- ACTION ITEM:
Nothing but the lines from the one with "Bedroom 3: Twin" through the end of the data should be set down, each exactly as written, and no picture should be included.

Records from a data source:
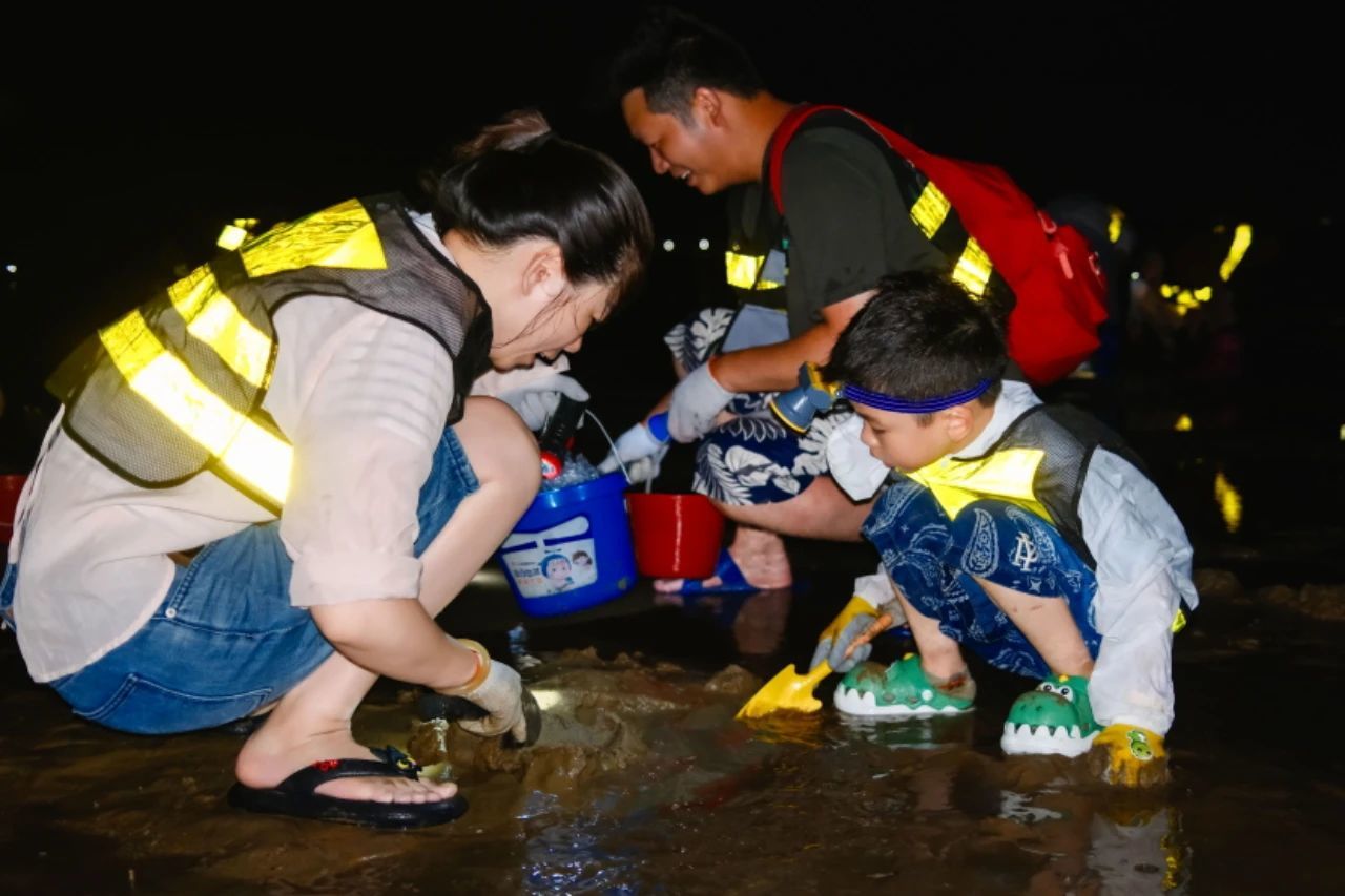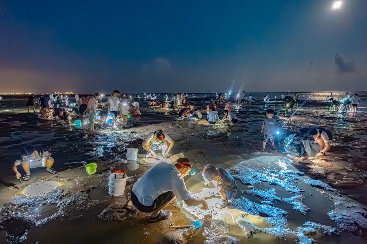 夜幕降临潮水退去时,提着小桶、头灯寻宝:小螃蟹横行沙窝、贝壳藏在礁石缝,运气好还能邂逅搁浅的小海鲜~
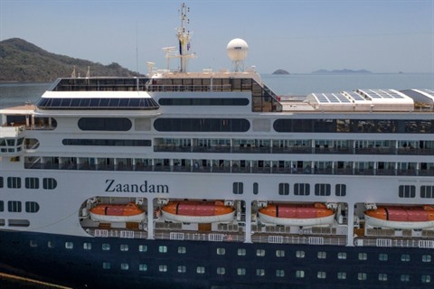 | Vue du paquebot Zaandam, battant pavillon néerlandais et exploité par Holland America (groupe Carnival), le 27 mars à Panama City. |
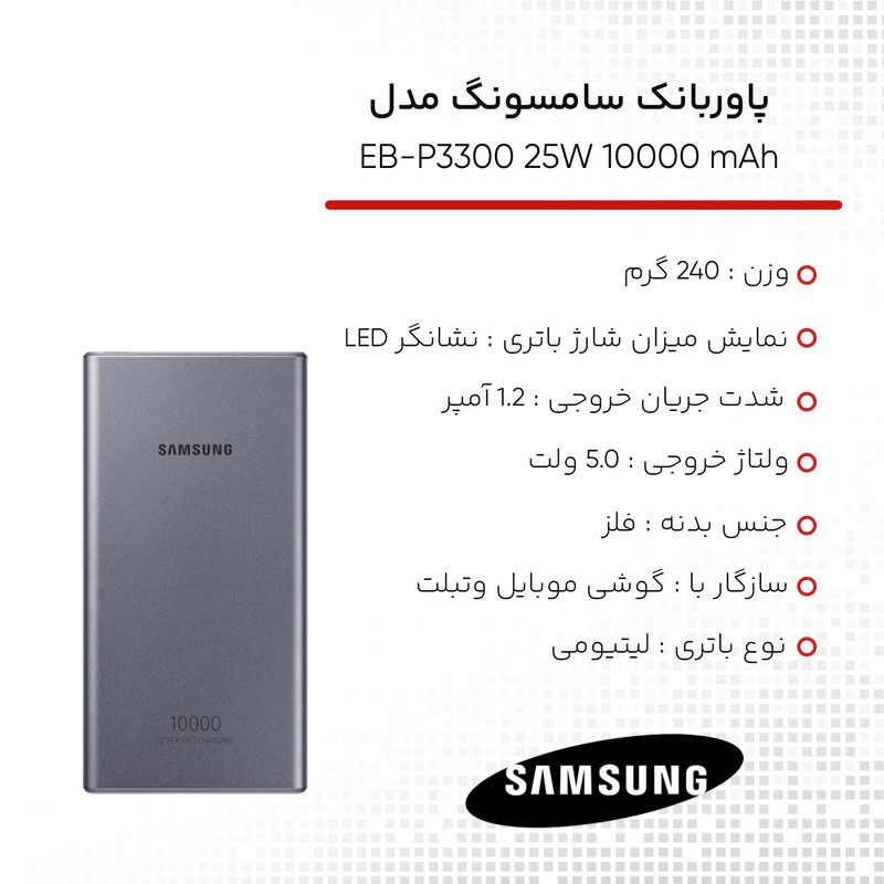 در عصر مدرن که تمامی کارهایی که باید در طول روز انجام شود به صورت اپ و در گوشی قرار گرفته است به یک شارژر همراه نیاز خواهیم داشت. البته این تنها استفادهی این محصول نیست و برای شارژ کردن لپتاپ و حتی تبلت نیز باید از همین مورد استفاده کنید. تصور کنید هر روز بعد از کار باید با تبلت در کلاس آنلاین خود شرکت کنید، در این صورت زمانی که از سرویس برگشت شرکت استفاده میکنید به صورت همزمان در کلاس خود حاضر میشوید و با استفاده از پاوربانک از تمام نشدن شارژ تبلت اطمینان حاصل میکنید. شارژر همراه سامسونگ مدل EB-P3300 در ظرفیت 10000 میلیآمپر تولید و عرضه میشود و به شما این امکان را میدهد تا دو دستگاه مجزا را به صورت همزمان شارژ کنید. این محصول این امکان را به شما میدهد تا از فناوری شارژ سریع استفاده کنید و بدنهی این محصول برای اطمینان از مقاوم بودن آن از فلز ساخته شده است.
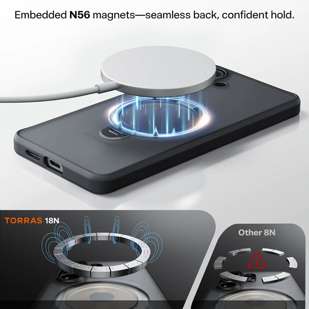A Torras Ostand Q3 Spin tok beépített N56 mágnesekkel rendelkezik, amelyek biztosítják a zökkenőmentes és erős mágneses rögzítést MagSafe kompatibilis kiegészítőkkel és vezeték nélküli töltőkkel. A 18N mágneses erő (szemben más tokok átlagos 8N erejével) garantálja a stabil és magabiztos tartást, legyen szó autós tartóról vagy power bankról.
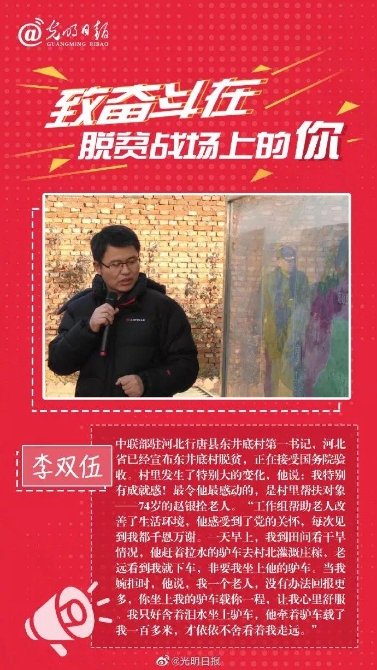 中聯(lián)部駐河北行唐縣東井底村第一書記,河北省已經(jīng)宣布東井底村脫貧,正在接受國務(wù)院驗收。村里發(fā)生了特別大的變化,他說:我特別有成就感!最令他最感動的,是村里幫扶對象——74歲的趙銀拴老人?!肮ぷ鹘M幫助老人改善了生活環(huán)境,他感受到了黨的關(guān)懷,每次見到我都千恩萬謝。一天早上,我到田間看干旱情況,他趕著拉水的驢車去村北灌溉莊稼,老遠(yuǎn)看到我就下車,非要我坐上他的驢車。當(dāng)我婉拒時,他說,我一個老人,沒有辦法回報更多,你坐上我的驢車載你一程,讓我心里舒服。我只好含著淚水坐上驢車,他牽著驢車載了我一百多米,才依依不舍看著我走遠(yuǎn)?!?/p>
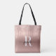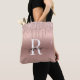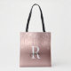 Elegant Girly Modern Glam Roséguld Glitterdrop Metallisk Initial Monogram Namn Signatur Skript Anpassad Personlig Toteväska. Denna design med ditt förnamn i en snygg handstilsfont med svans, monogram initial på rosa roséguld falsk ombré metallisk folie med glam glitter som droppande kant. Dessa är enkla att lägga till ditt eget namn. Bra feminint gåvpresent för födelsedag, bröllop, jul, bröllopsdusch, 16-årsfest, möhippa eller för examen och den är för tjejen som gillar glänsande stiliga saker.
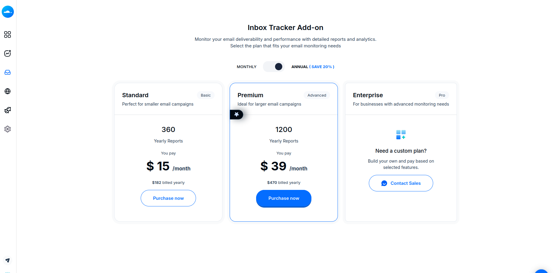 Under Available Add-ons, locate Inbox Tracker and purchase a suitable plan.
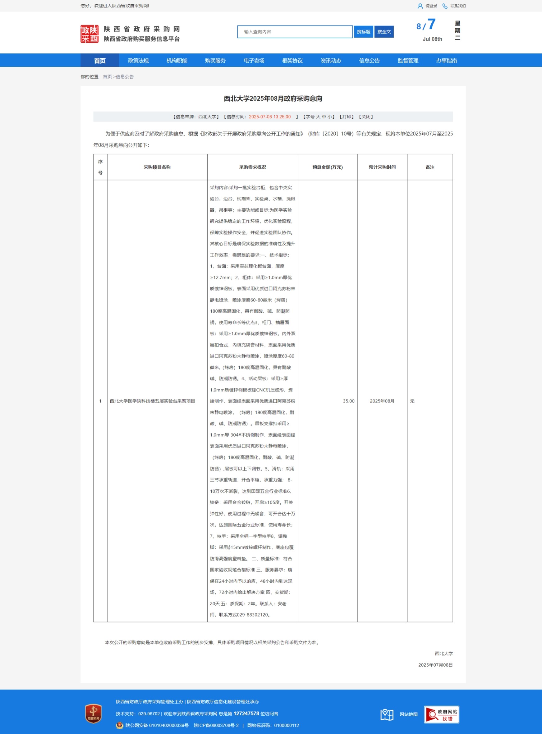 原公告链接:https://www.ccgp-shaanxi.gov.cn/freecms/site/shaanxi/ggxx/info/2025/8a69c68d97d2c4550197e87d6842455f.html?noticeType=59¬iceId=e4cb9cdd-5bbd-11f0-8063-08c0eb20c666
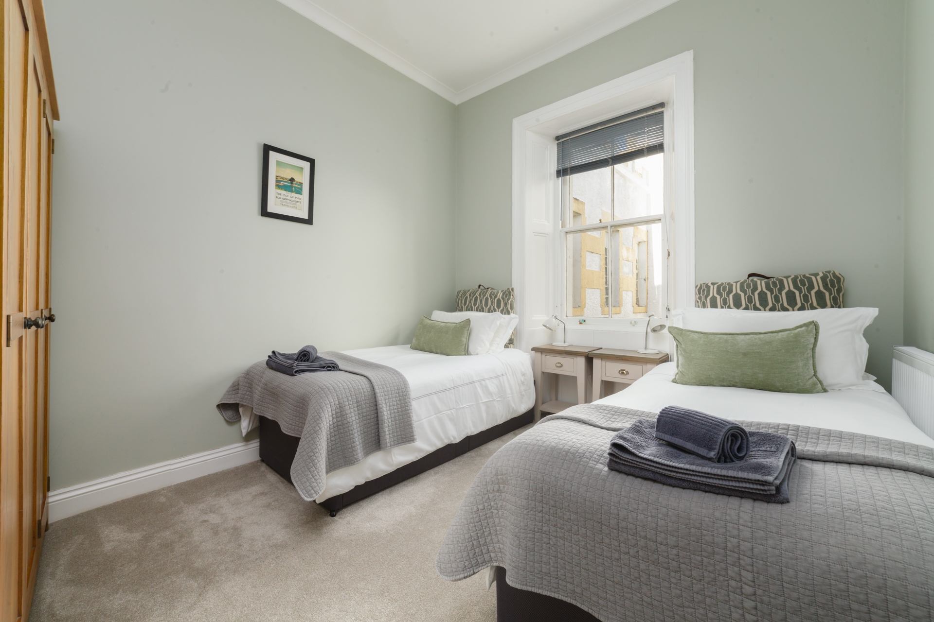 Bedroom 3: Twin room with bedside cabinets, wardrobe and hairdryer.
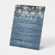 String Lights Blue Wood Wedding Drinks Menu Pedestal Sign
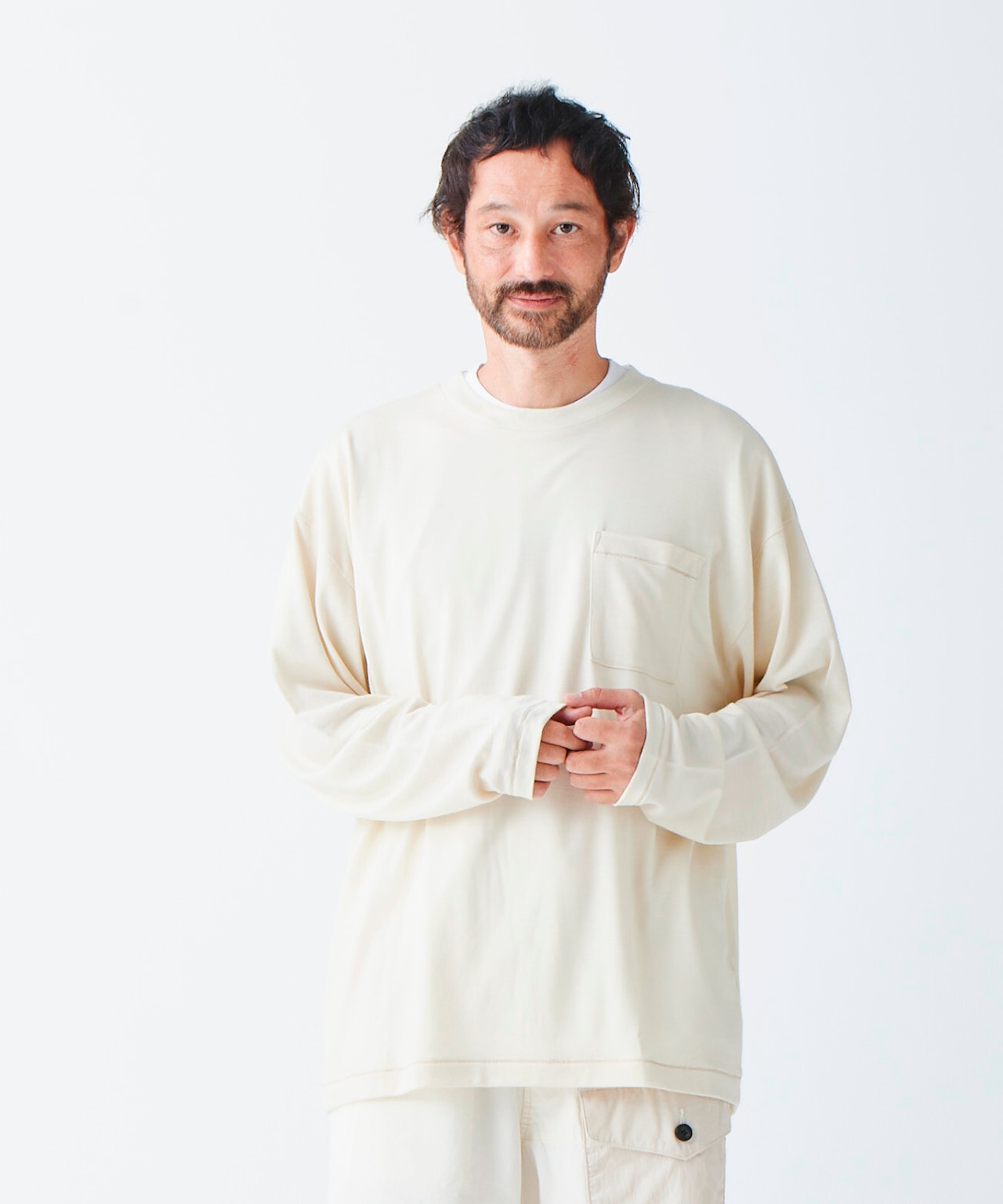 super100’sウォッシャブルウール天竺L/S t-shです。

- SOLUTION FOR THIS PROBLEM:
 Bedroom 3: Twin room with bedside cabinets, wardrobe and hairdryer.
 String Lights Blue Wood Wedding Drinks Menu Pedestal Sign
 super100’sウォッシャブルウール天竺L/S t-shです。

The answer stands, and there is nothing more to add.